● Exercise prompt: Write out the stretch of lines below that begins at the line with "6.12.13 Buy Casterton" and ends at the line with "Lot de 3 brosses", including both, exactly as given and nothing more.

[Dataset excerpts]
□ □ □ □ □
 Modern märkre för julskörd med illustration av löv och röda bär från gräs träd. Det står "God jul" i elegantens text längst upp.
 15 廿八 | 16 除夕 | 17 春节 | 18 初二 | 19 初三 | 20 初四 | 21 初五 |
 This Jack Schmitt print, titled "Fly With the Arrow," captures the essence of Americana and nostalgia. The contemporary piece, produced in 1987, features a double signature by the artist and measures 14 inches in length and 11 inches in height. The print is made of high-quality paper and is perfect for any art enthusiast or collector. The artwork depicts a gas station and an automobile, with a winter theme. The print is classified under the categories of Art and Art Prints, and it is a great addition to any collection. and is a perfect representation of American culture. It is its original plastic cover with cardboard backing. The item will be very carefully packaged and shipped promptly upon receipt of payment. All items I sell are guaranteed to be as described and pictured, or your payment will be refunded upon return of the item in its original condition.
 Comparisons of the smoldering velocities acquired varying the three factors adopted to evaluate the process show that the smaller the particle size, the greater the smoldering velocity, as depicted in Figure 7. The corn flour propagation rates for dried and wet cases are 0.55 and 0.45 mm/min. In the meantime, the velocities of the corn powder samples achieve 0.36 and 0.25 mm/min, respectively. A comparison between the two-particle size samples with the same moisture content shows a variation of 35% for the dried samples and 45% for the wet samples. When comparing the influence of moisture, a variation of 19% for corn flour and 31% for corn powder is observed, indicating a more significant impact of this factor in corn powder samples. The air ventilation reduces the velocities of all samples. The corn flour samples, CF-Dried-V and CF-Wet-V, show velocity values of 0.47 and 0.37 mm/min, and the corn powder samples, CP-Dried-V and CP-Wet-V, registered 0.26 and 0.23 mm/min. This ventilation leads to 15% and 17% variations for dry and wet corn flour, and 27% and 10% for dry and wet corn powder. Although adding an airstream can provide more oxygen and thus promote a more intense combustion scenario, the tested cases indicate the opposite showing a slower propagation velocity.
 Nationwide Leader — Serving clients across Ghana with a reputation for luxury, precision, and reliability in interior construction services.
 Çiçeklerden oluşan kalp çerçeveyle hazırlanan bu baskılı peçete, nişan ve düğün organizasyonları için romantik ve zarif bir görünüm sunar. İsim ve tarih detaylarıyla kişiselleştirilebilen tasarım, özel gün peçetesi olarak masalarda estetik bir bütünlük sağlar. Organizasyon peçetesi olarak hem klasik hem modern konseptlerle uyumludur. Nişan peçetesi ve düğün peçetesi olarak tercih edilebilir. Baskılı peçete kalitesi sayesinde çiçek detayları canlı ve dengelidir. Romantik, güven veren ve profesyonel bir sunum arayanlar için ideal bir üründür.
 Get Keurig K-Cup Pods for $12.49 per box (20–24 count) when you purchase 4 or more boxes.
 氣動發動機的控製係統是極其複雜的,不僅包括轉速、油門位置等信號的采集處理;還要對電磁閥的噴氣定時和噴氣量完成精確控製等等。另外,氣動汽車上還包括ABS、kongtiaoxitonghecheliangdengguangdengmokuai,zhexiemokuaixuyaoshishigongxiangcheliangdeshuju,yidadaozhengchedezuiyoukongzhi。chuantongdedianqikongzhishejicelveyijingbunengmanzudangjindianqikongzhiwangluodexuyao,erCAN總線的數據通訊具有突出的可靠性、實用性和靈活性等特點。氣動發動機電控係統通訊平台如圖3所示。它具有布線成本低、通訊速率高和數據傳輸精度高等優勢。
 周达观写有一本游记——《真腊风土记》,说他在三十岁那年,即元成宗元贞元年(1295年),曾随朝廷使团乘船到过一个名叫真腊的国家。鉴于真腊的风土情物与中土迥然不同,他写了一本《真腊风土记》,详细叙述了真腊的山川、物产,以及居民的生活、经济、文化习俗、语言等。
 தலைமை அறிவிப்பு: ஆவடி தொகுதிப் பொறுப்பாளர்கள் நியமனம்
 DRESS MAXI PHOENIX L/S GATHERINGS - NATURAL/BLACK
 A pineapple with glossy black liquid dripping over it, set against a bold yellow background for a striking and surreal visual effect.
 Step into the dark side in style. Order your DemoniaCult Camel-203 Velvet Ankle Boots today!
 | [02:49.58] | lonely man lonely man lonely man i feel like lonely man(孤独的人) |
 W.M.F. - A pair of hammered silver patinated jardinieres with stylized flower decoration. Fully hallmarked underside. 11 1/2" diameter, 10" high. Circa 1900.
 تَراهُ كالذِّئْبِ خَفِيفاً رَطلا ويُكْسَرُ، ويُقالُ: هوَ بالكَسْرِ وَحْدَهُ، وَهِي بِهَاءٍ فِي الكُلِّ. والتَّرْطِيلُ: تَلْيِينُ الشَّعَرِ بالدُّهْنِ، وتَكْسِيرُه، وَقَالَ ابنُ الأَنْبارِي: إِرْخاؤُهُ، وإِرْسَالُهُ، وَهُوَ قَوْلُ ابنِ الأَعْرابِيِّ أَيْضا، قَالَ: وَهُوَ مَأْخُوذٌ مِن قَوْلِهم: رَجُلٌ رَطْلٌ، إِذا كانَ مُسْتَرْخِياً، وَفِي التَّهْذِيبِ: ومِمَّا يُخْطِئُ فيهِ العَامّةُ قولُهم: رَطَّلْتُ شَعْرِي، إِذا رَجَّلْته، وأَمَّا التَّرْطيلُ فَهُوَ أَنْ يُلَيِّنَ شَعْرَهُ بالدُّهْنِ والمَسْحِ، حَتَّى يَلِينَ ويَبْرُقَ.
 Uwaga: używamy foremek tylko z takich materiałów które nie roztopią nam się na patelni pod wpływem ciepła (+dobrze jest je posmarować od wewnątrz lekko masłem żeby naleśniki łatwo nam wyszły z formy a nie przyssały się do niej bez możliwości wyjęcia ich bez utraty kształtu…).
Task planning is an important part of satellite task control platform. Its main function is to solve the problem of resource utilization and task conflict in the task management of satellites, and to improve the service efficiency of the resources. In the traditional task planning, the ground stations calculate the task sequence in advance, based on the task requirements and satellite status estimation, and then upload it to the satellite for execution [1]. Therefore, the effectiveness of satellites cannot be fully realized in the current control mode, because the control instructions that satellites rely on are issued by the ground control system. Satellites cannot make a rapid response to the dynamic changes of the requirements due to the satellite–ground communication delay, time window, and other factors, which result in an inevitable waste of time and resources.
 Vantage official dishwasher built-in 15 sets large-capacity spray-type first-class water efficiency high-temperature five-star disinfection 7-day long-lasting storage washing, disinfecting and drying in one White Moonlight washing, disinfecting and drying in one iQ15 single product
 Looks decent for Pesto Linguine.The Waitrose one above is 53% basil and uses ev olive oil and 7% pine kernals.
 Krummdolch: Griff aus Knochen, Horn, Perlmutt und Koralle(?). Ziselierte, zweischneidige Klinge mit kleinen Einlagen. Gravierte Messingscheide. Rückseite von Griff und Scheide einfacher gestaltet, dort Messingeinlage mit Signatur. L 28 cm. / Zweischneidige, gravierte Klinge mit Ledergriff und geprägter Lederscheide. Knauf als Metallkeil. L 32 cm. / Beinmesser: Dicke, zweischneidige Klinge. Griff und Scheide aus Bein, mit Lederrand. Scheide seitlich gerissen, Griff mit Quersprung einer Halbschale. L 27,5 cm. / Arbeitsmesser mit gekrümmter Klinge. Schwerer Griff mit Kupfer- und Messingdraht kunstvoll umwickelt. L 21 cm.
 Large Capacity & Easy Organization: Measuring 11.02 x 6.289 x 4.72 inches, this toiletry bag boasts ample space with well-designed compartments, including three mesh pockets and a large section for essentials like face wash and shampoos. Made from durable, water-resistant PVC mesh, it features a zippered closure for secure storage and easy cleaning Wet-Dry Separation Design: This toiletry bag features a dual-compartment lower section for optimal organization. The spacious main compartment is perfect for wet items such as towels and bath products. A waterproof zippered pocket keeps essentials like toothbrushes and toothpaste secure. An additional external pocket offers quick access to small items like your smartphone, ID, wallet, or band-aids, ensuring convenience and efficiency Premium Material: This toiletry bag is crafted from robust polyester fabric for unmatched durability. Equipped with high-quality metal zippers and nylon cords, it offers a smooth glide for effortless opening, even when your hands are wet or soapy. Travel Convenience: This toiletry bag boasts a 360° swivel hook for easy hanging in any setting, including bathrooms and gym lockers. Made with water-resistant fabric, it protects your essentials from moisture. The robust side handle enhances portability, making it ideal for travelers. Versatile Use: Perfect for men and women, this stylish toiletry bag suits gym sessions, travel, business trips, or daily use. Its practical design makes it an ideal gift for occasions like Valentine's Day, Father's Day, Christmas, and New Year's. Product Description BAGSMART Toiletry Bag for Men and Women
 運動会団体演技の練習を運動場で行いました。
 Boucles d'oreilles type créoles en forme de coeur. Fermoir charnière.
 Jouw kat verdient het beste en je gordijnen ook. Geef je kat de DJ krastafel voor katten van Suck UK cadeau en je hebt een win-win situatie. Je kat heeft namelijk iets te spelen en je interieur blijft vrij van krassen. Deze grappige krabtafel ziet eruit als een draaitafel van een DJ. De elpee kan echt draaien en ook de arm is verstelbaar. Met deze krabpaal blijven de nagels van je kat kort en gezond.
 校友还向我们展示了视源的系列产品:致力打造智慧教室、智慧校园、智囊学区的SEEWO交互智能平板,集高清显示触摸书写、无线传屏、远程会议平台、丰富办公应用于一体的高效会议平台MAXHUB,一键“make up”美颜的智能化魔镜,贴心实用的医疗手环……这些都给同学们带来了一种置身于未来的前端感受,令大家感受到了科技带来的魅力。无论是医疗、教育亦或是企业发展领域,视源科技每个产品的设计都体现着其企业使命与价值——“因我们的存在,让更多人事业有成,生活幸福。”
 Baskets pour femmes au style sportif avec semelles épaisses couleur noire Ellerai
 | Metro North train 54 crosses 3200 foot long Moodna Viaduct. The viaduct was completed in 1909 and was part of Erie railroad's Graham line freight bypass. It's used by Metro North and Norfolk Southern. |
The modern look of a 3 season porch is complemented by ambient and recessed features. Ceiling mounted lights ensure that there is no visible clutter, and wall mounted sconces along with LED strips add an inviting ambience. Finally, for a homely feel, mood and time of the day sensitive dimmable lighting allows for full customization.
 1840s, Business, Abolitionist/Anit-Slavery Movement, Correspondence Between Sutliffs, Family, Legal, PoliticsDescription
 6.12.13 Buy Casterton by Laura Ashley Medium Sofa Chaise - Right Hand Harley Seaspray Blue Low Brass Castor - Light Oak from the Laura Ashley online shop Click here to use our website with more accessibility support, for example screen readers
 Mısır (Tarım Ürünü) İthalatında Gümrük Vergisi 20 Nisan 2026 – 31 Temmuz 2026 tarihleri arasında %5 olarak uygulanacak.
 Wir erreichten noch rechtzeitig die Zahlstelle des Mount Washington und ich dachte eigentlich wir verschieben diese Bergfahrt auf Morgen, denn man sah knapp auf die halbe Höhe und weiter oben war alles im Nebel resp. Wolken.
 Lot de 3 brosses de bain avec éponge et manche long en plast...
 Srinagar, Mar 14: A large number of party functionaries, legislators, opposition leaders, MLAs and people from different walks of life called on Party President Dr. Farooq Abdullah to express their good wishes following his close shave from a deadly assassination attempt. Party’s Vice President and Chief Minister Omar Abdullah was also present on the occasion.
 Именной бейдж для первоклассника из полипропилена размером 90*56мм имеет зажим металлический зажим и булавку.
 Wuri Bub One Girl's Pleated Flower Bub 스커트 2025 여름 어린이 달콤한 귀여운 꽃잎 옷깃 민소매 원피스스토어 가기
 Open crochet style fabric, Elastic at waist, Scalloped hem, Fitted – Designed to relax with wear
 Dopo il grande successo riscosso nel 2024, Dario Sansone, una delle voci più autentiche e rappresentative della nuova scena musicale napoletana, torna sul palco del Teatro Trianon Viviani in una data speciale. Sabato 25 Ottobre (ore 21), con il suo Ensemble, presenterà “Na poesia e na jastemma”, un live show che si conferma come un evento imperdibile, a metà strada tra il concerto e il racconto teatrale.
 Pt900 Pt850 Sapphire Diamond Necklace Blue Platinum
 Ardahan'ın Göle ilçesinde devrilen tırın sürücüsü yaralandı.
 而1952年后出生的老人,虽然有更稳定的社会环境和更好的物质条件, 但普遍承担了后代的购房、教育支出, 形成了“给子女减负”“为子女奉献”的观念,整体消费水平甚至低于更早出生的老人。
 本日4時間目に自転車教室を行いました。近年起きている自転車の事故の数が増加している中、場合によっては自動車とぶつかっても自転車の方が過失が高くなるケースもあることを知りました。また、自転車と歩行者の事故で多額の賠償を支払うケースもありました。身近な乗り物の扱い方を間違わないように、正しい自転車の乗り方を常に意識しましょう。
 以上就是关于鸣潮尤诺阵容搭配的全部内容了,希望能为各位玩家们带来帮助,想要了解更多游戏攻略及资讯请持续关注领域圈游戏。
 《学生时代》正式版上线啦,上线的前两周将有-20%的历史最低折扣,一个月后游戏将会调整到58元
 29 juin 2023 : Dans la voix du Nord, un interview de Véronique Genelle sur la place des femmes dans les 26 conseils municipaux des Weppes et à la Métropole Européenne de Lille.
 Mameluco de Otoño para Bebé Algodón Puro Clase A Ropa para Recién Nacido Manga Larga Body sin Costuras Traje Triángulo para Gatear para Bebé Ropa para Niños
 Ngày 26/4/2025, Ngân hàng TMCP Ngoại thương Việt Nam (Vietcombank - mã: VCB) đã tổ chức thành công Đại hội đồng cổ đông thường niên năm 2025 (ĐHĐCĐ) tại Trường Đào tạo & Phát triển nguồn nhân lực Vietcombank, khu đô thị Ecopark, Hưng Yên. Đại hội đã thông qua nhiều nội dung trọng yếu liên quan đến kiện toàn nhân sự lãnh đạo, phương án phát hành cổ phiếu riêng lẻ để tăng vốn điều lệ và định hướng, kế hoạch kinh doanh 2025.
□ □ □ □ □
● Finished task:
 6.12.13 Buy Casterton by Laura Ashley Medium Sofa Chaise - Right Hand Harley Seaspray Blue Low Brass Castor - Light Oak from the Laura Ashley online shop Click here to use our website with more accessibility support, for example screen readers
 Mısır (Tarım Ürünü) İthalatında Gümrük Vergisi 20 Nisan 2026 – 31 Temmuz 2026 tarihleri arasında %5 olarak uygulanacak.
 Wir erreichten noch rechtzeitig die Zahlstelle des Mount Washington und ich dachte eigentlich wir verschieben diese Bergfahrt auf Morgen, denn man sah knapp auf die halbe Höhe und weiter oben war alles im Nebel resp. Wolken.
 Lot de 3 brosses de bain avec éponge et manche long en plast...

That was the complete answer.